At Box Turtle Bulletin, Jim Burroway artfully applies this principle to Kirk Cameron and Pat Robertson, illustrating why the people they’re insulting don’t regard their cheerful sincerity as a reason to ignore the insult.
Sierra at No Longer Qivering offers a short Bible study on Malachi 2:15-16 — the “God hates divorce” passage often used in patriarchal religion to cudgel women in abusive marriages:
How did a verse that so obviously tells men to be kind to their wives and not to leave them destitute become a verse that tells women they have no right to leave an abusive marriage? … God hates divorce, indeed, but not because it ends a marriage. He hates it because it hurts women.
Chaplain Mike and Matthew Paul Turner both look in horror on John Piper’s response to the deadly tornadoes that struck earlier this month, which Piper called the “Fingers of God.” Piper illustrates the monstrous consistency of Calvinist theodicy, writing:
God alone has the last say in where and how the wind blows. If a tornado twists at 175 miles an hour and stays on the ground like a massive lawnmower for 50 miles, God gave the command.
Chaplain Mike is rightly appalled. “The best response to any event in life, but especially tragic events,” he writes, “is love not words.”
Fortunately, congregations in Henryville and in Coshocton County agree with Chaplain Mike, not with Piper.
David Barton regards Jesus with the same level of honesty, respect and reverence that he shows for the Founding Fathers — which is to say that he twists Jesus’ words, takes them out of context, and pretends they mean their opposite. Kyle Mantyla reports on Barton’s claim that Jesus said employers don’t have to worry about being “fair” to workers:
David Barton uses the Bible, in particular Matthew 20:1-16, to promote an ultra-right-wing economic view by claiming that Jesus opposed the minimum wage and any sort of employment discrimination laws.
… Barton takes a parable about the Kingdom of Heaven and transforms it into a Biblical justification for laissez-faire capitalism, anti-unionism, and employment discrimination and does so by attributing to Jesus words that Jesus himself put in the mouth of an unnamed landowner in order to demonstrate God’s generosity.
When Barton cites Matthew 20, it is not some parable about God’s love, but rather a lesson in right-wing economics in which Jesus himself hires workers for his vineyard and tells those who complain about wage discrimination that they can take a hike if they don’t like it because employers have no obligation to be fair to their workers.
Barton’s take-away from this parable is “Whatever is fair has nothing to do with it.

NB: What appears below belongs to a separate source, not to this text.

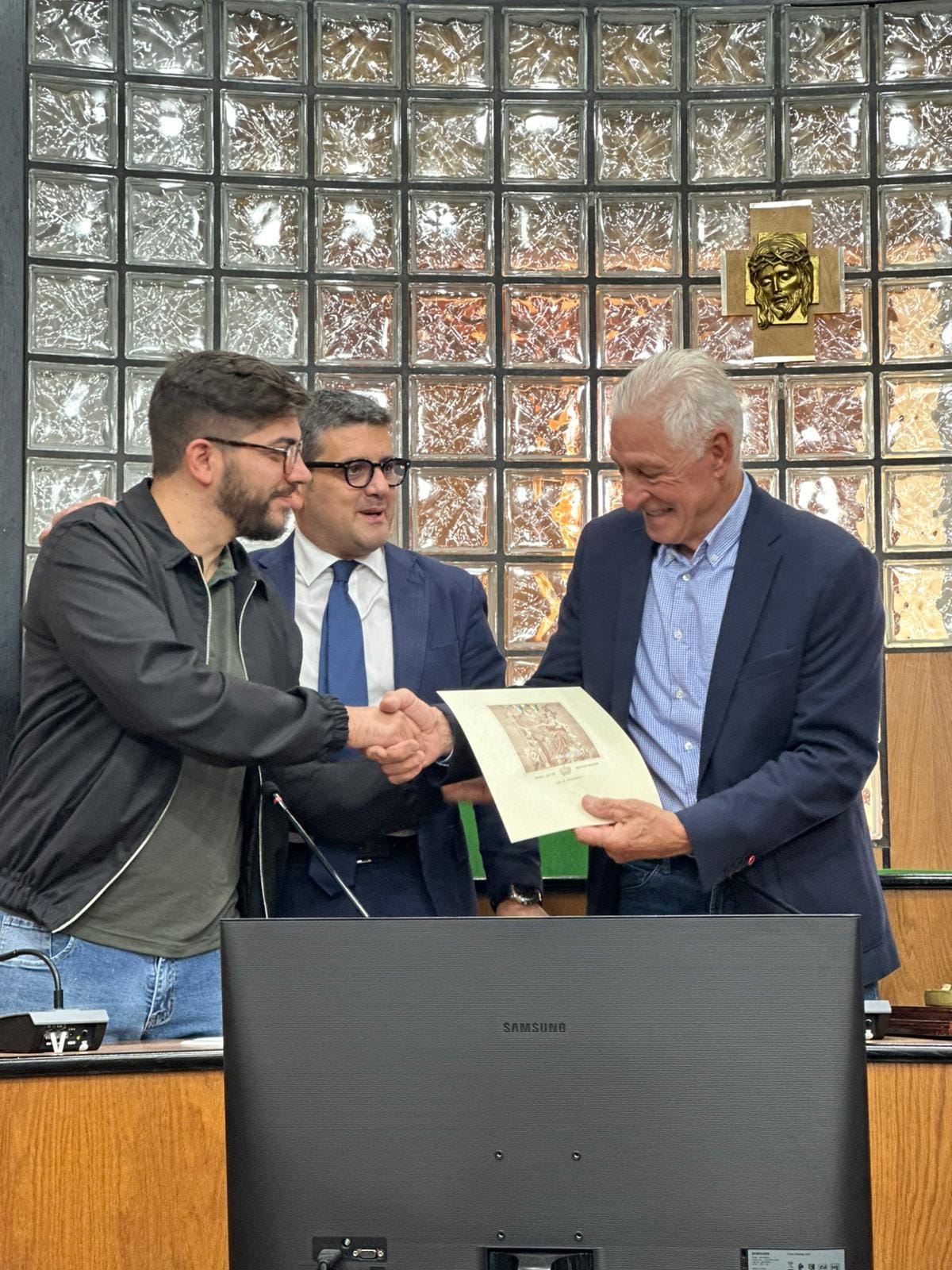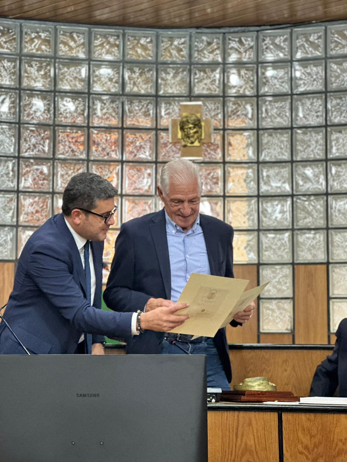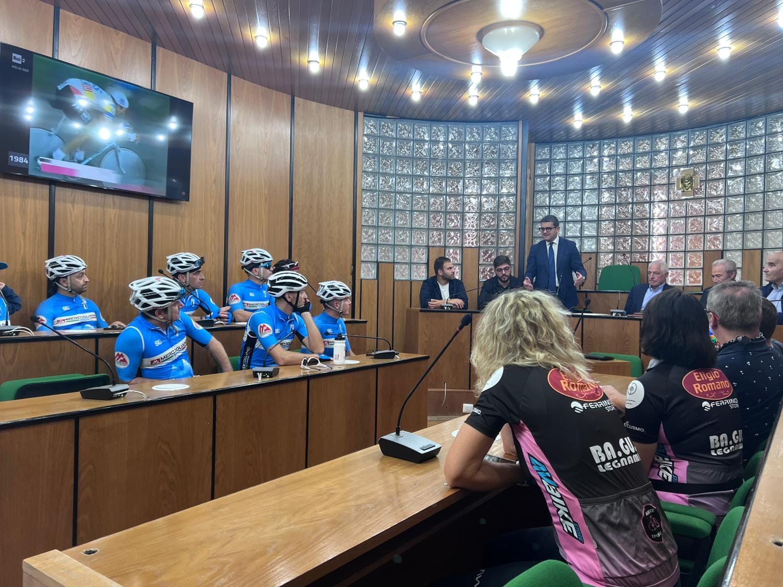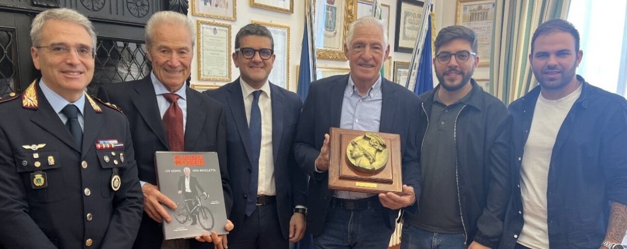 Il Sindaco, insieme all’ Assessore allo sport Giuseppe Barone e al consigliere Alberico Valente, lo ha accolto in aula consiliare, alla presenza di tanti appassionati e ciclisti irpini, con un video ricordo della sua storica vittoria al Giro d’Italia e ha consegnato al campione il Mercurio d’ oro, simbolo della città.

That’s not their responsibility to be fair.”
The landowner in the parable exceeds the demands of fairness. He goes beyond “fair” to magnanimously give some people more than they deserve.
Barton reads it backwards, as though the landowner were failing the demands of fairness, giving some people less than they deserve.
Stinginess offends justice. Magnanimity does not. Barton reverses that.